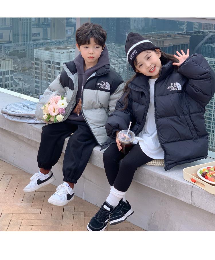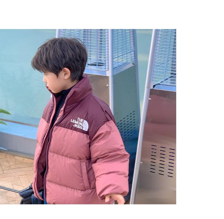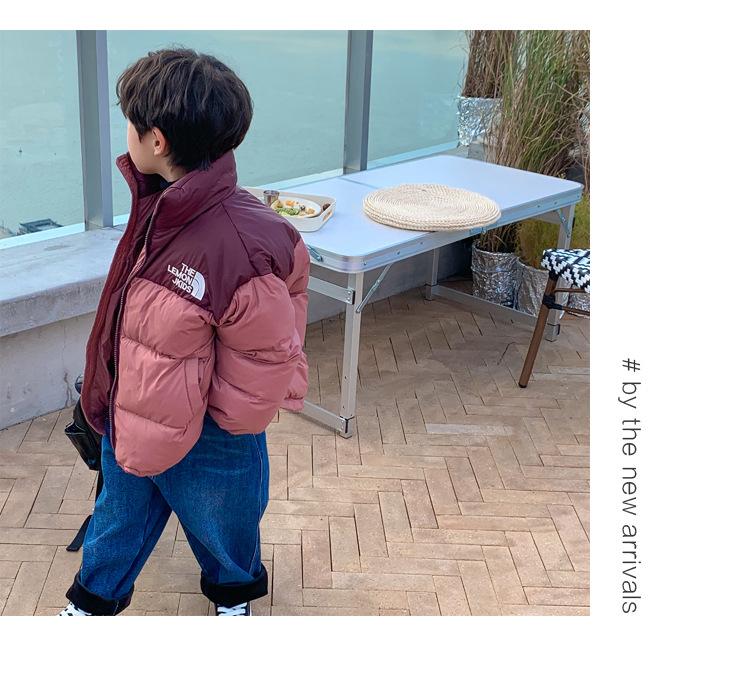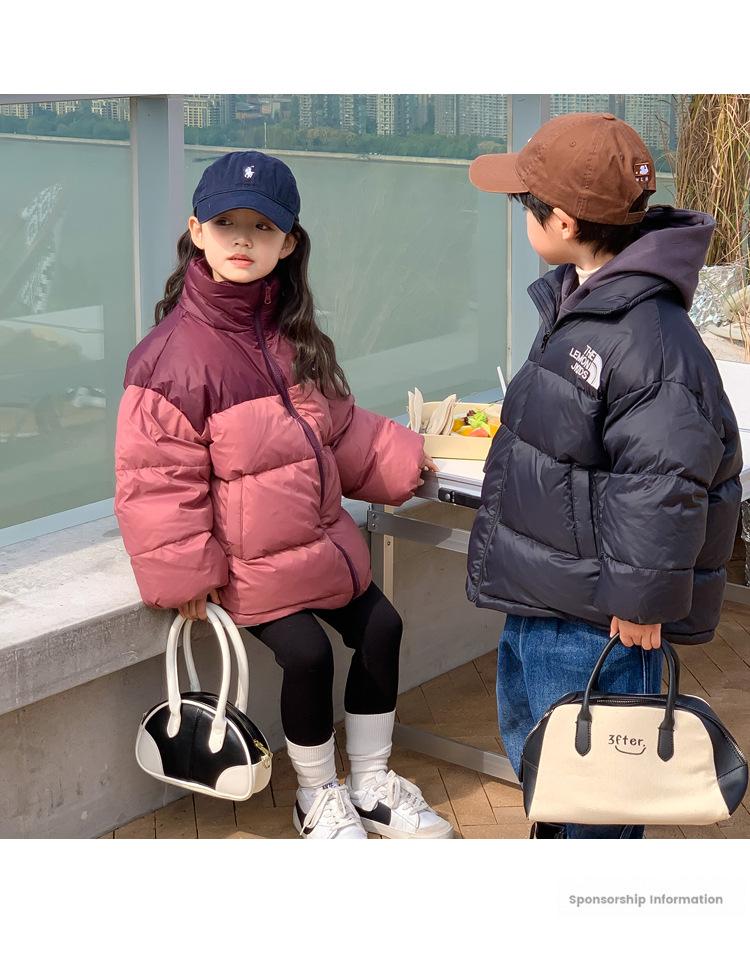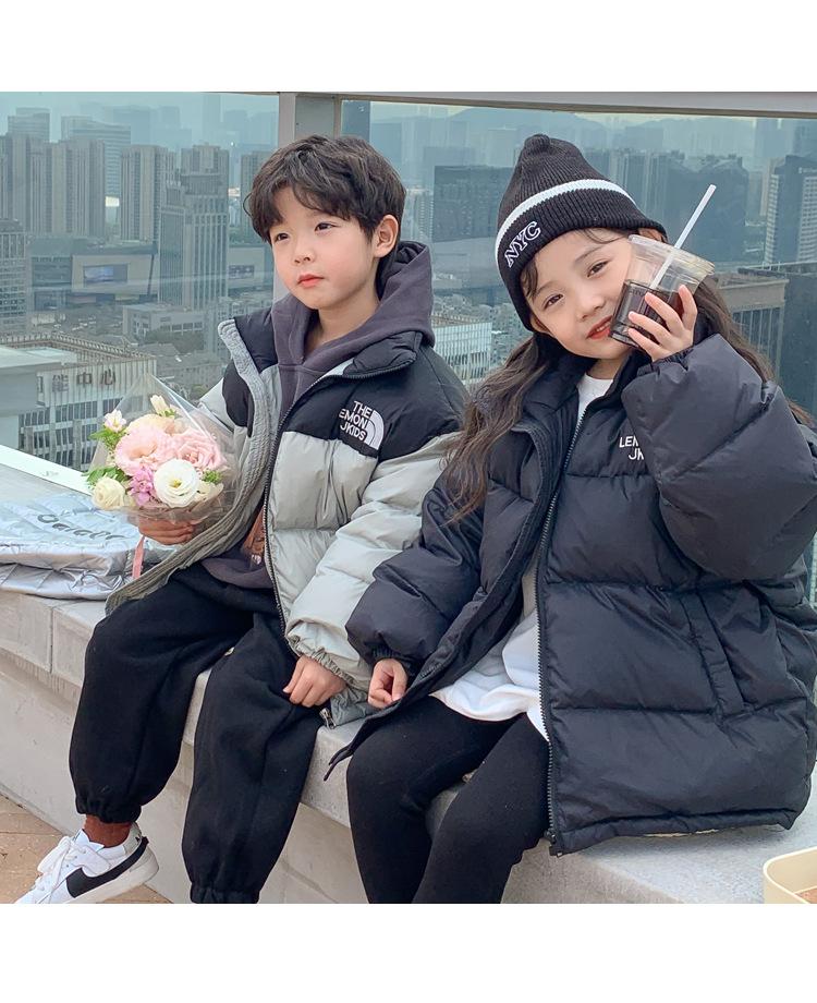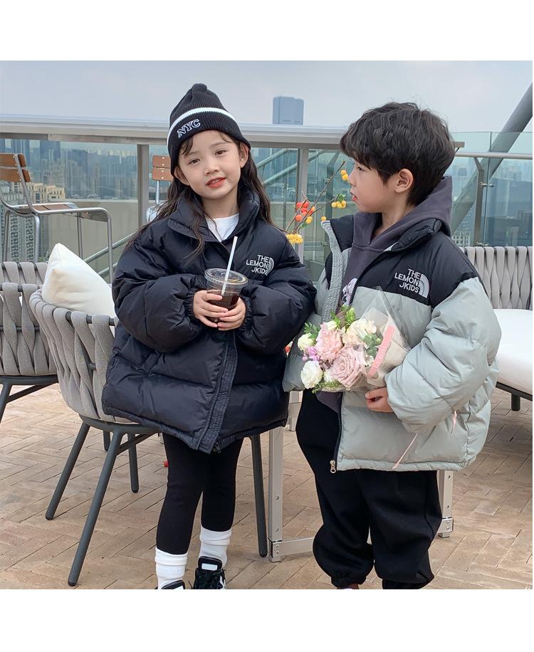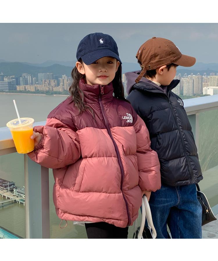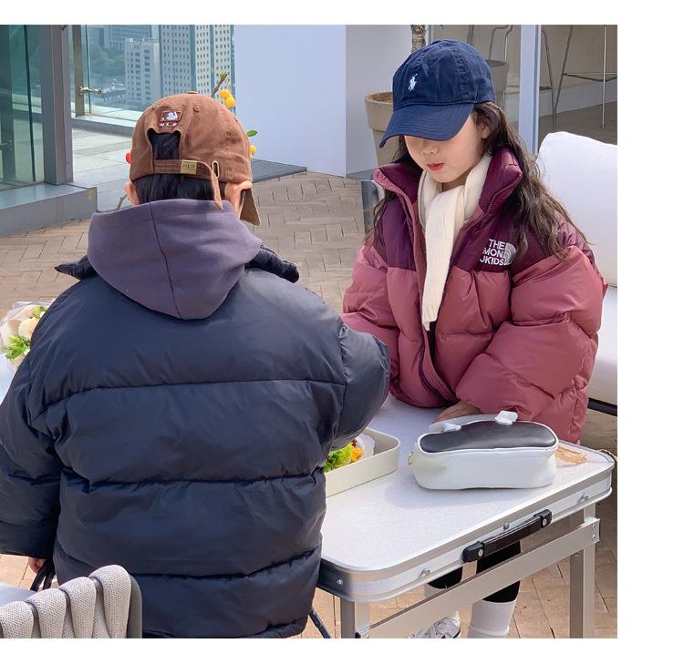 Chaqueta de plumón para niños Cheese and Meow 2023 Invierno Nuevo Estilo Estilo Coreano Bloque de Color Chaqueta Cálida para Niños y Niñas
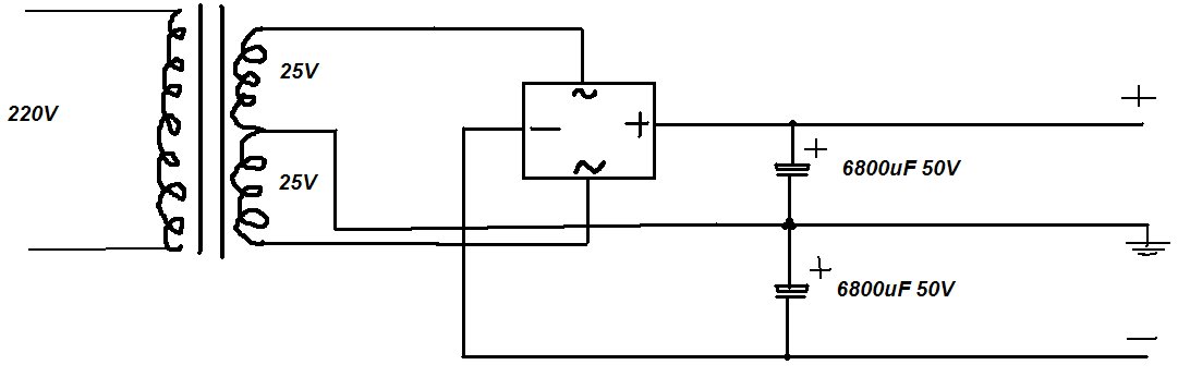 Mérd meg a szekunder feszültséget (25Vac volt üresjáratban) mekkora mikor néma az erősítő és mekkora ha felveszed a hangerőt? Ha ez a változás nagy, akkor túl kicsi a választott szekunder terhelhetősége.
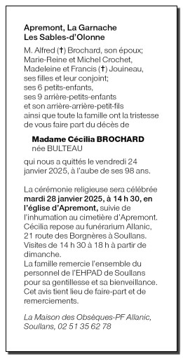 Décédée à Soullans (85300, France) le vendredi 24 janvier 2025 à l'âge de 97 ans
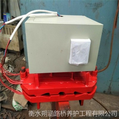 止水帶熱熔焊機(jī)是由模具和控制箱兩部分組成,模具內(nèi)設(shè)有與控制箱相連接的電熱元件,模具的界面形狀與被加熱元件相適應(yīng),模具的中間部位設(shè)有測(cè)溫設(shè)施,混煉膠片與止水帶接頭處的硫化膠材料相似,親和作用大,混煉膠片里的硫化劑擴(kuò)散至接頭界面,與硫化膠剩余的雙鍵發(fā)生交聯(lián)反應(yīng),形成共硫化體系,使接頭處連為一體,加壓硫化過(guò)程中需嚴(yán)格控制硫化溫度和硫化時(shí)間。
◆ ◆ ◆ ◆
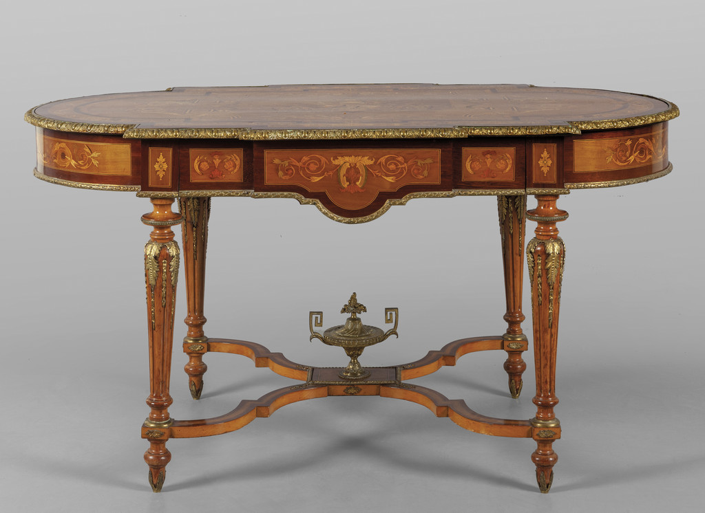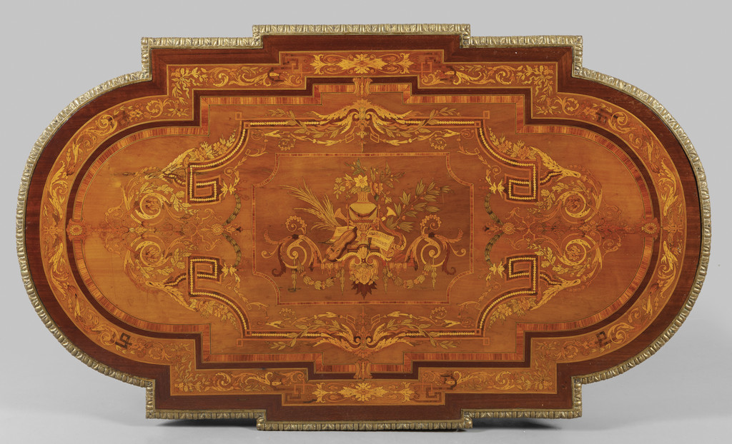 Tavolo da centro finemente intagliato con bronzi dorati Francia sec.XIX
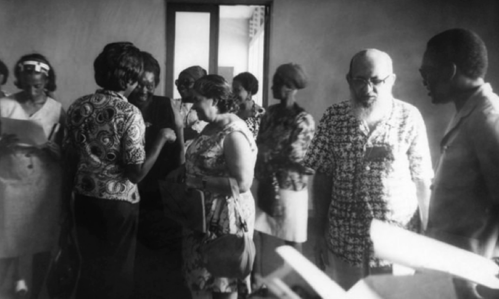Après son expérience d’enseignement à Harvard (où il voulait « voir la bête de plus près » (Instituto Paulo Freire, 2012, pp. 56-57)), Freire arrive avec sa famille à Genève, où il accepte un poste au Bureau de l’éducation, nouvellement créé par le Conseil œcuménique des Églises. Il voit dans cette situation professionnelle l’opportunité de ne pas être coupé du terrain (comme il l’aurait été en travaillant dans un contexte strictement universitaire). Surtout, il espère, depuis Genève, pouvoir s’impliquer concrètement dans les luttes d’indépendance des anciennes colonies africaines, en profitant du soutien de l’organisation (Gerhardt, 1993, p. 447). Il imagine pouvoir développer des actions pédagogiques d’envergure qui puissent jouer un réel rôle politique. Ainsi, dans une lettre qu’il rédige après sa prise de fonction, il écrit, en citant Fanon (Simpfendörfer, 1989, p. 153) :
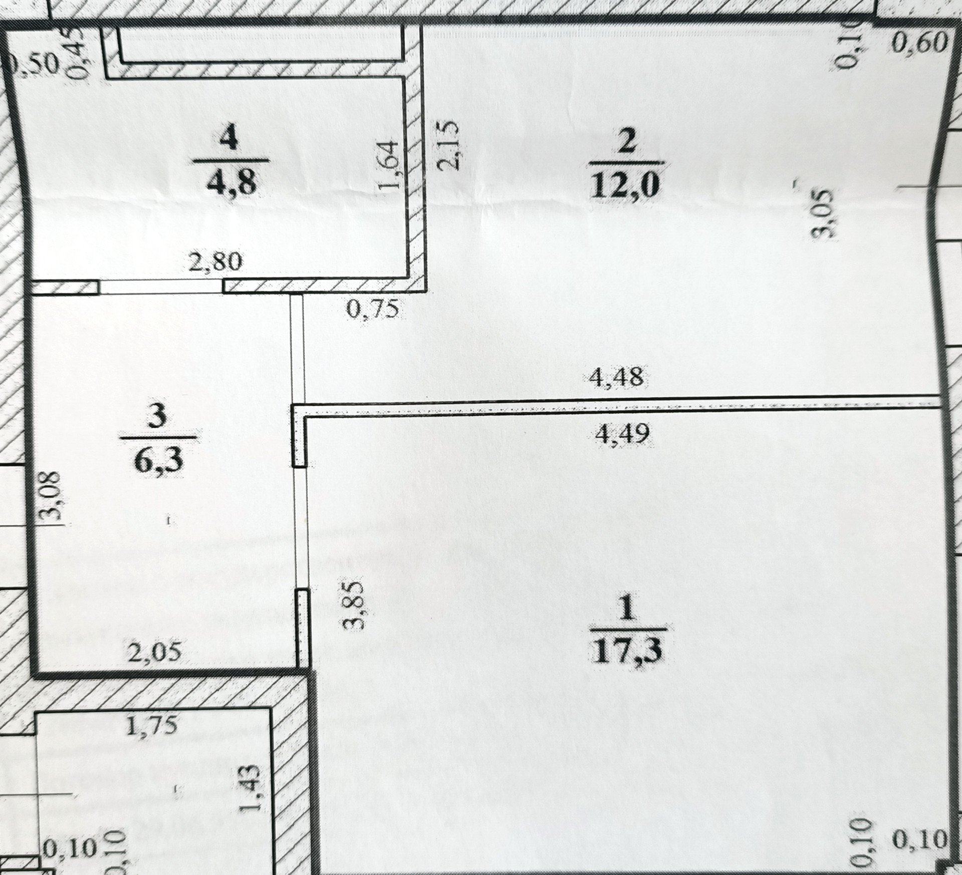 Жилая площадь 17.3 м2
◆ ◆ ◆ ◆
- WHAT YOU WILL DO
Start at the line containing "Chaqueta de plumón" above and stop at the line containing "止水帶熱熔焊機(jī)是由模". Output those lines exactly, both included, but none of the pictures.

- TASK ANSWER
 Chaqueta de plumón para niños Cheese and Meow 2023 Invierno Nuevo Estilo Estilo Coreano Bloque de Color Chaqueta Cálida para Niños y Niñas
 Mérd meg a szekunder feszültséget (25Vac volt üresjáratban) mekkora mikor néma az erősítő és mekkora ha felveszed a hangerőt? Ha ez a változás nagy, akkor túl kicsi a választott szekunder terhelhetősége.
 Décédée à Soullans (85300, France) le vendredi 24 janvier 2025 à l'âge de 97 ans
 止水帶熱熔焊機(jī)是由模具和控制箱兩部分組成,模具內(nèi)設(shè)有與控制箱相連接的電熱元件,模具的界面形狀與被加熱元件相適應(yīng),模具的中間部位設(shè)有測(cè)溫設(shè)施,混煉膠片與止水帶接頭處的硫化膠材料相似,親和作用大,混煉膠片里的硫化劑擴(kuò)散至接頭界面,與硫化膠剩余的雙鍵發(fā)生交聯(lián)反應(yīng),形成共硫化體系,使接頭處連為一體,加壓硫化過(guò)程中需嚴(yán)格控制硫化溫度和硫化時(shí)間。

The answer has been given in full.